# Looking for great expat communities



## AMRangel (Feb 18, 2017)

Hello all! I am new to the forum and look forward to some helpful responses ? My husband and I are considering moving to Mexico. My husband is from Morelia and I love central Mexico! We would both love a city/ town with a strong expat community. San Miguel, Patzcuaro, and Morelia are high on the list and I would love some help with deciding a better fit for us. We both love the old colonial cities. We are both active, social, and love the outdoors. Thank so much!


----------



## RickS (Aug 6, 2009)

Rather than me list them, I'll offer this....
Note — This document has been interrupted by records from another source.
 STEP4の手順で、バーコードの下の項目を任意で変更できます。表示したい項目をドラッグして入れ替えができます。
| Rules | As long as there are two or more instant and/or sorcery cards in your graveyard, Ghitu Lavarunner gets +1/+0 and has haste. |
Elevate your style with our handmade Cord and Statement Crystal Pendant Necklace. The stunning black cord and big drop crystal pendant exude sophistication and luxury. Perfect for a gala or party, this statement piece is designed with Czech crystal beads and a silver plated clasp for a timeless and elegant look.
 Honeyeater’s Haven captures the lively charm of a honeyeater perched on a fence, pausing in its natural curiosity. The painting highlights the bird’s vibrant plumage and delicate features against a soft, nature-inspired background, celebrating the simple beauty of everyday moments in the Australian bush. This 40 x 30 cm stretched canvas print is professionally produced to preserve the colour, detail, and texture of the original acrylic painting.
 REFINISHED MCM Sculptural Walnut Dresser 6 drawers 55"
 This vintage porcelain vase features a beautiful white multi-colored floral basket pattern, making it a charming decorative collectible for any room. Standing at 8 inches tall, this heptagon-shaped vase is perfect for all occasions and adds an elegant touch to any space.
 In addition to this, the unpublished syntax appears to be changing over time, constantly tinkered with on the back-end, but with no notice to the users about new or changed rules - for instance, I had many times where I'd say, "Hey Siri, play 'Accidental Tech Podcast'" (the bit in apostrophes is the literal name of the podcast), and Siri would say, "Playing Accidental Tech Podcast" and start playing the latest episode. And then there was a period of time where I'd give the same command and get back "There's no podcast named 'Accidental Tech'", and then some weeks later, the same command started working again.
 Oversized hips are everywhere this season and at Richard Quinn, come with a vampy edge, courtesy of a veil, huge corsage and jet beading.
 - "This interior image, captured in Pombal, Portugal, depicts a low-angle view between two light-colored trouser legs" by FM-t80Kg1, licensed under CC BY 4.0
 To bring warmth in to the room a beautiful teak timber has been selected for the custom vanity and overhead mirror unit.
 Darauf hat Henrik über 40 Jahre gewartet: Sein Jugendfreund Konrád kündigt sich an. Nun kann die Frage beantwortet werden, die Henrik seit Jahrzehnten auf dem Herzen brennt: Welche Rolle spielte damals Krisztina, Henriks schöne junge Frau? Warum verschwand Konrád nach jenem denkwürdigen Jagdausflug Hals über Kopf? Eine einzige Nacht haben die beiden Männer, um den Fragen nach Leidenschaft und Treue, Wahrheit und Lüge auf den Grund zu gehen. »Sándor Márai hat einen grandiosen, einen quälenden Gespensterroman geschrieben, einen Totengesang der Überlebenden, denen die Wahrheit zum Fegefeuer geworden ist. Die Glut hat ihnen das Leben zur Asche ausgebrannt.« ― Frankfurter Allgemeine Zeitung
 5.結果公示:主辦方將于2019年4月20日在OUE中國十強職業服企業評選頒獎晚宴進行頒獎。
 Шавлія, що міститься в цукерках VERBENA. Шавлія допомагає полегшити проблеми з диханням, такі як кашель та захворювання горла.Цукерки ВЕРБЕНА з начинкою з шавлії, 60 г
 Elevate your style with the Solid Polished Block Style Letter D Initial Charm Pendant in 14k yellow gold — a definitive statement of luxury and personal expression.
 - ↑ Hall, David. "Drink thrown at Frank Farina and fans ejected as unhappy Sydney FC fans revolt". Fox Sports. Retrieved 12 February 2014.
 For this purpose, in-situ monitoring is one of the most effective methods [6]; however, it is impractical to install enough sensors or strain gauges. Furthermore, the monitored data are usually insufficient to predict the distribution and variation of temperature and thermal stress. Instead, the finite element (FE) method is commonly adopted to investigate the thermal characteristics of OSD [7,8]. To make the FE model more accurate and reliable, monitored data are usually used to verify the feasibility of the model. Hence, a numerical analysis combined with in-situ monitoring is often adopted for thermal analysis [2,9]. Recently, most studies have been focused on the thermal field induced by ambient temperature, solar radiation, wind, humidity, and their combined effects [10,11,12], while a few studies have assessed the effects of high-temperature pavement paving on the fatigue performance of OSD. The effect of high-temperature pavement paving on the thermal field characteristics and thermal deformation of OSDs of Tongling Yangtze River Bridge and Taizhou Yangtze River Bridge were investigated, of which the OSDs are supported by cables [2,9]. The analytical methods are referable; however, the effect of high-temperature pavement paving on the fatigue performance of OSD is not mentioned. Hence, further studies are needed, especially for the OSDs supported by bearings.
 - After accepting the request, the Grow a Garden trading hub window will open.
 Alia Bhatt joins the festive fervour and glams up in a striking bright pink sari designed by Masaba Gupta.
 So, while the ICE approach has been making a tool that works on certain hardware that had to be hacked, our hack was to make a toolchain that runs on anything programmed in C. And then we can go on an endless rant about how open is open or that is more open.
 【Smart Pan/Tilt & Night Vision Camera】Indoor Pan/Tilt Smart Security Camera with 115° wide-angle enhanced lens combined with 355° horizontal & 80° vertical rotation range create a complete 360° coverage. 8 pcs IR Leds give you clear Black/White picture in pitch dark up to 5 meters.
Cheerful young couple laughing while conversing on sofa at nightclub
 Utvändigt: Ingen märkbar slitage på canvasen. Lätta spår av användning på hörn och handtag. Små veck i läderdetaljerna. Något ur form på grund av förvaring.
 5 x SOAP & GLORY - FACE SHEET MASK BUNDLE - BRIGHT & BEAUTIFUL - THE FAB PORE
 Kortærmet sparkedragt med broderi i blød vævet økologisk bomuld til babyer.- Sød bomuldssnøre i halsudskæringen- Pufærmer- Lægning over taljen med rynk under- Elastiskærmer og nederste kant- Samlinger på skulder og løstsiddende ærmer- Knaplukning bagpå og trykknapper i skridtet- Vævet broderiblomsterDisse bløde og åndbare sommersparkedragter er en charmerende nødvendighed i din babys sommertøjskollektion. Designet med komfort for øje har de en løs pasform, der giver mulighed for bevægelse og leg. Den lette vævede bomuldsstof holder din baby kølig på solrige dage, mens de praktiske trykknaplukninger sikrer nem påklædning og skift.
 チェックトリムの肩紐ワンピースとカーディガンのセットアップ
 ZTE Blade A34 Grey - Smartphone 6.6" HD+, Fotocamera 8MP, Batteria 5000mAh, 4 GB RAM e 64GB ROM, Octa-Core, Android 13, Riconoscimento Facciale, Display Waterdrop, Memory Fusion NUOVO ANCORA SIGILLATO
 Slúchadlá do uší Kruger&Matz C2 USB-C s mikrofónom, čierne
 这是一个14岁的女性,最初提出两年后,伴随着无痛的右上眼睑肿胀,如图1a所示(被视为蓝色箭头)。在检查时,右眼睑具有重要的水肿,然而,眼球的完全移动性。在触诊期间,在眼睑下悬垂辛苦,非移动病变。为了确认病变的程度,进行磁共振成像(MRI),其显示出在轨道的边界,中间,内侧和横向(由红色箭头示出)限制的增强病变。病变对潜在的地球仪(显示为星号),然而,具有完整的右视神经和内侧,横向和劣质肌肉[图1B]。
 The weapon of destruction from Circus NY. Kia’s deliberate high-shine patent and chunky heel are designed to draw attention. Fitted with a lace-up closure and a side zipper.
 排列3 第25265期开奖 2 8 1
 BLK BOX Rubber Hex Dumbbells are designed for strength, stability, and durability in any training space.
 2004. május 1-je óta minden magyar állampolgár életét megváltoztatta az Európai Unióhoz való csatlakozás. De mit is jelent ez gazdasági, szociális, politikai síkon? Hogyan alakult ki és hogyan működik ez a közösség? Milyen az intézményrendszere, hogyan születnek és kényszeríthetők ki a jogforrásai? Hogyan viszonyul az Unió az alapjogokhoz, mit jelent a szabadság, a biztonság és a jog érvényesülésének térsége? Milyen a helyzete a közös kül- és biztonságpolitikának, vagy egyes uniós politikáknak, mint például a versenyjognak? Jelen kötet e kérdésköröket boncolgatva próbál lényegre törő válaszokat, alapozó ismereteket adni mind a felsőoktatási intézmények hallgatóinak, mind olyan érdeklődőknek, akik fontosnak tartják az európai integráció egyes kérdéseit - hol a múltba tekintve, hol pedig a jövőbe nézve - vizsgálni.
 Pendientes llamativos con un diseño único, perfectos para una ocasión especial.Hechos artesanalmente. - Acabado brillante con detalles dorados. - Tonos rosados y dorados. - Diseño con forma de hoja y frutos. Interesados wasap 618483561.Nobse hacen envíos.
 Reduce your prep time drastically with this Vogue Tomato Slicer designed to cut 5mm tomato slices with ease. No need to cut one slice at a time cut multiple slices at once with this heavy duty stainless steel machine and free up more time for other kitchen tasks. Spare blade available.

https://www.mexperience.com/lifestyle/retire-in-mexico/locations-for-retirement/


----------



## AMRangel (Feb 18, 2017)

Great link! Thank you


----------



## circle110 (Jul 20, 2009)

RickS said:


> Rather than me list them, I'll offer this....
> 
> https://www.mexperience.com/lifestyle/retire-in-mexico/locations-for-retirement/


This link could almost be a sticky on this forum since it addresses so many of the things people come here and ask regularly.


----------



## CasaColibri (Jul 5, 2017)

Check out Zacatecas or Guanajuato, both beautiful colonial cities


----------



## RickS (Aug 6, 2009)

CasaColibri said:


> Check out Zacatecas or Guanajuato, both beautiful colonial cities


But neither of which have a strong expat community as the OP suggested they wanted.


----------



## lagoloo (Apr 12, 2011)

For a really large expat community, I'd suggest the Lake Chapala area and its many towns around the lake, each offering different flavors. Mild climate and lots of choices in activities.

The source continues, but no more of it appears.